Natalie yanks a strand of black hair over her eyes, wraps it around her baby finger, whose tip reddens. She darts into the WC at the back of the studio and closes the warped door, her head bumping the bare bulb, which alternates glare and gloom as she consults the mirror: emerald ball gown cinched at the waist, box-pleated skirt, polka-dot overlay. It’s as if she were wearing three outfits at once, none of them hers. She tucks her hair under a cream beret but it hardly helps, the same gawky twenty-six-year-old looking back, all elbows and knees, a manly jaw, deep- set black eyes, as uncertain as if drawn with smudged charcoal, the worry lines added in fine- nib pen.

She joins Bear, who remains naked in the doorway, a puff of smoke released from his pipe. “I’m not even acceptable,” she tells him, and he rests a rough palm against the swell of her bosom, firmly enough to quicken her pulse.
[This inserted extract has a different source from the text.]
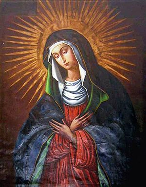 This Marian Title is the prominent Catholic painting of the Blessed Virgin Mary venerated by the faithful in the Chapel of the Gate of Dawn in Vilnius, Lithuania. The painting was historically displayed above the Vilnius City Gate; city gates of the time often contained religious artefacts intended to ward off attacks and bless passing travellers. The painting is in the Northern Renaissance style and was completed most likely around 1630. The Virgin Mary is depicted without the infant Jesus. The artwork soon became known as miraculous and inspired a following. A dedicated Chapel was built in 1671 by the Discalced Carmelites. At the same time, the painting was covered in expensive and elaborate silver and gold clothes leaving only the face and hands visible.

He strides to his leather suitcase and plucks out neckties, one for himself, one for their son. Bear raises the louder tie, holding it up as if considering a mackerel. He sends Pinch to fetch the canvas shears, with which he snips one of the ties in half, twirling it around the boy’s neck. “What do you say, kiddo?” Bear grins, the beard rising to his eyes, which disappear into slits. “Natty, I love the hell out of you. And I listen the hell out of you. But damn it, sweetie, we are going.”

She clutches one hand in the other. “Well then, hurry!” she responds, quickstepping past her husband, nearly stumbling as she crouches to knot their son’s tie. Natalie touches Pinch’s forehead, her hand throbbing against his brow, jittery fingers like a secret message: “We waited all this time, Pinchy, and now he’s here!”

Bear, who moved in only weeks earlier, approaches his son, mussing the boy’s fine sandy hair (quite like Dad’s), playfully flicking the kid’s nervous chin (like his mother’s), while Pinch’s blue eyes (with an urgency all their own) gaze up, awaiting his father’s command.